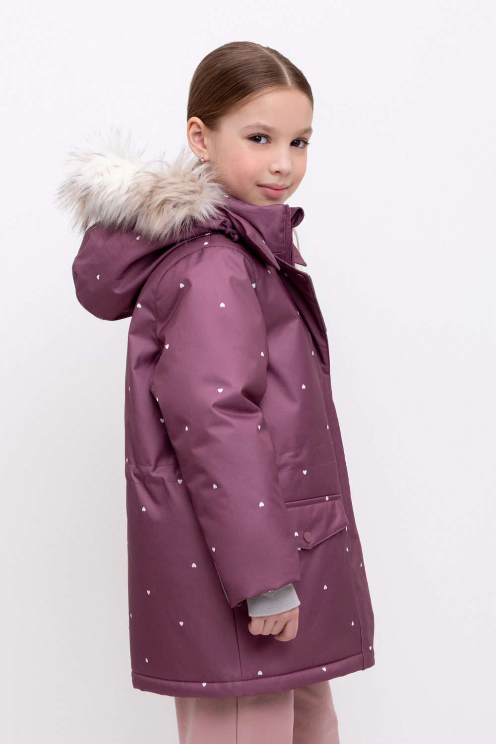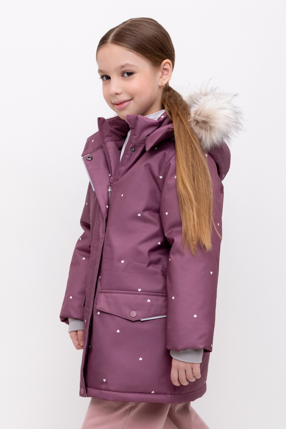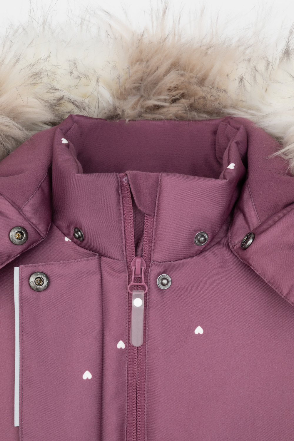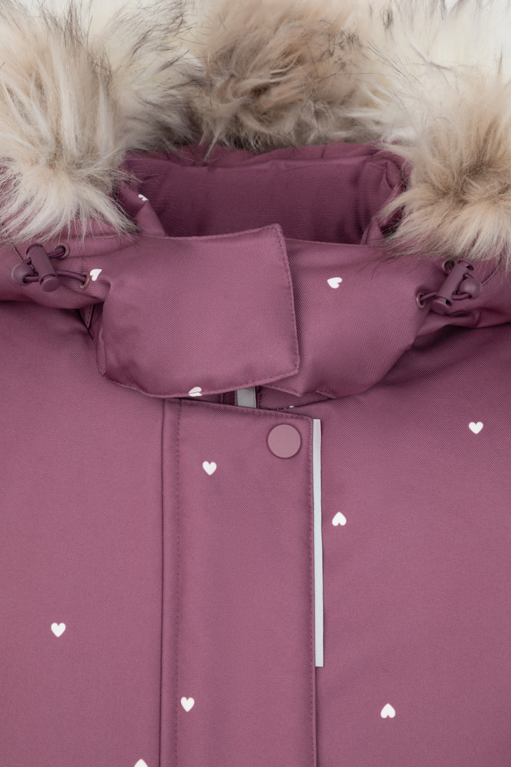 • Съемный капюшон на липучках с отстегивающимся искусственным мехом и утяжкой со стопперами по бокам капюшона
####################
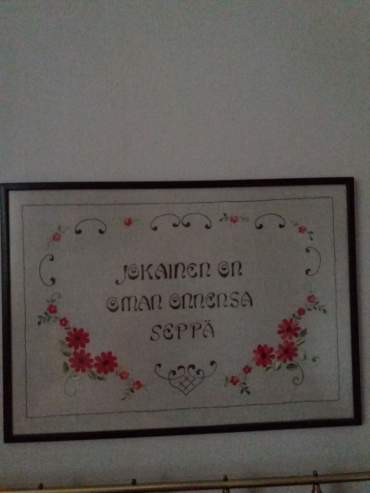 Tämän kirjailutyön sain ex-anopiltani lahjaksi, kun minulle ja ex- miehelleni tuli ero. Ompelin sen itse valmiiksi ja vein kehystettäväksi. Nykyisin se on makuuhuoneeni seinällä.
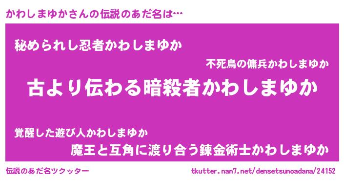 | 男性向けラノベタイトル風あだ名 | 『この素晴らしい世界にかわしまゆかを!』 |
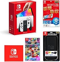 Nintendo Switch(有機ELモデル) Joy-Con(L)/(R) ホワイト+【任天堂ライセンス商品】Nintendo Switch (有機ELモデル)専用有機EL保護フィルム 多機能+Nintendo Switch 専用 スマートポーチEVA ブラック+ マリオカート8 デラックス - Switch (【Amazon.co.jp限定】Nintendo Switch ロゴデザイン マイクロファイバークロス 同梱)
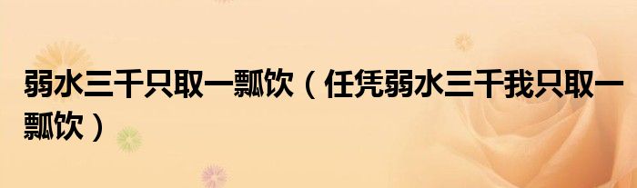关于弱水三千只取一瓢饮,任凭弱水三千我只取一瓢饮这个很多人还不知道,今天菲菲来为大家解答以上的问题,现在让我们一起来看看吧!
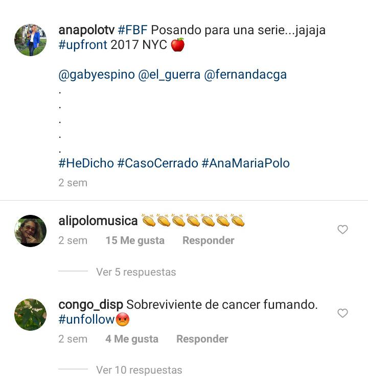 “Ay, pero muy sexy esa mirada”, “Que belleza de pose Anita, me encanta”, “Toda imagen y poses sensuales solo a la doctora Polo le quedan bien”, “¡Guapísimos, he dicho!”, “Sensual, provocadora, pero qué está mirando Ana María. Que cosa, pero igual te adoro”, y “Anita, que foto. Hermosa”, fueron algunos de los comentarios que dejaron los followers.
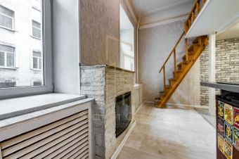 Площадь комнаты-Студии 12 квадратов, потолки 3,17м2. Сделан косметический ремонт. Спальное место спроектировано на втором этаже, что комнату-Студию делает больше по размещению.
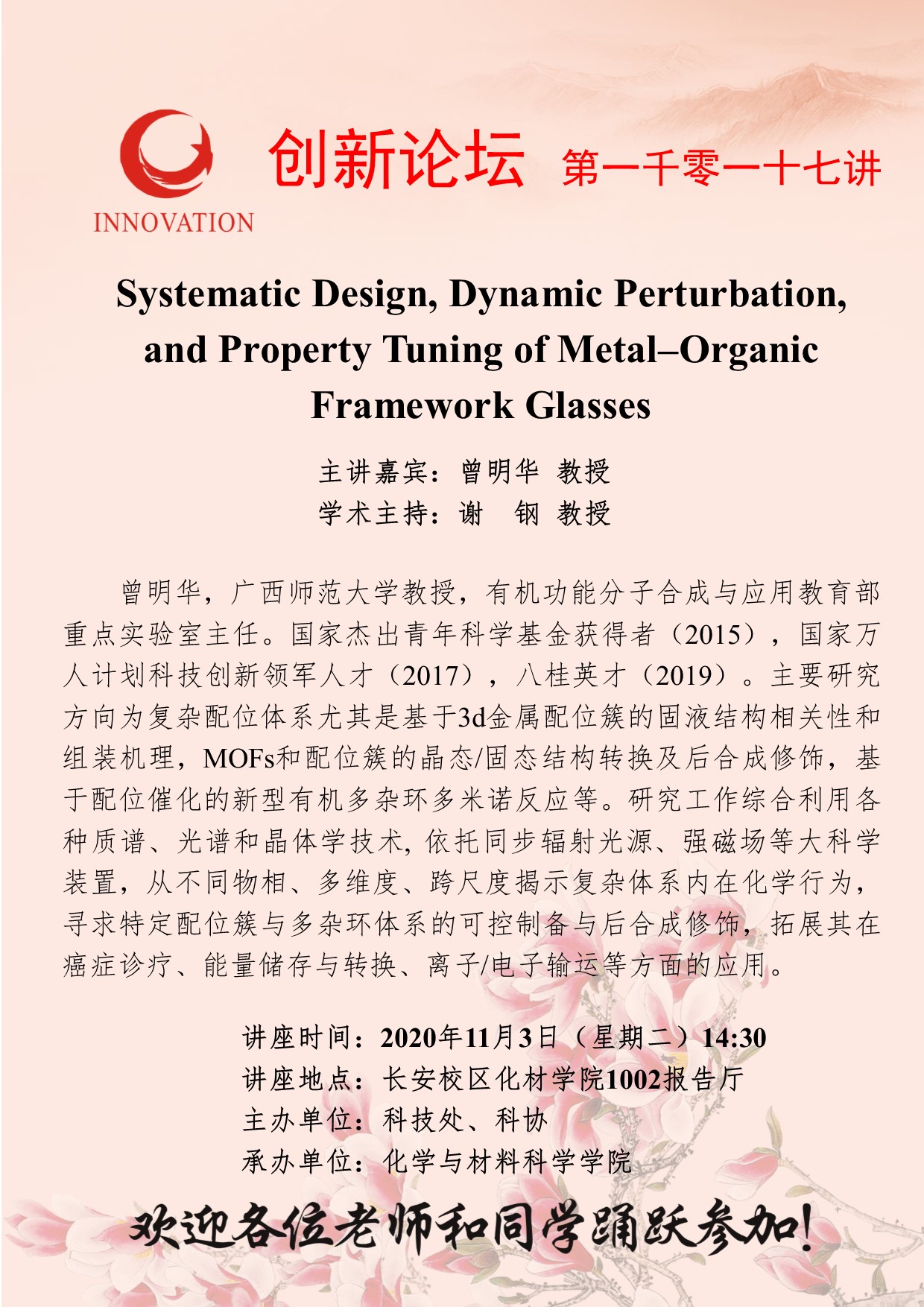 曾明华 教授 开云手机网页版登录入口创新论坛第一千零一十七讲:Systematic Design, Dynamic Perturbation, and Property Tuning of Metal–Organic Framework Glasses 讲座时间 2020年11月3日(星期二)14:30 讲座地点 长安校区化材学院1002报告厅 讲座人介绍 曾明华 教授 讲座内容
####################
Aim of the exercise: Set the pictures aside and retype exactly the lines above from the line with "Площадь комнаты-Студии 12" to the line with "曾明华 教授 开云手机网页版登录入口创新论坛第一千零一十七讲:Systematic", both included, adding no others.

Output for this task:
 Площадь комнаты-Студии 12 квадратов, потолки 3,17м2. Сделан косметический ремонт. Спальное место спроектировано на втором этаже, что комнату-Студию делает больше по размещению.
 曾明华 教授 开云手机网页版登录入口创新论坛第一千零一十七讲:Systematic Design, Dynamic Perturbation, and Property Tuning of Metal–Organic Framework Glasses 讲座时间 2020年11月3日(星期二)14:30 讲座地点 长安校区化材学院1002报告厅 讲座人介绍 曾明华 教授 讲座内容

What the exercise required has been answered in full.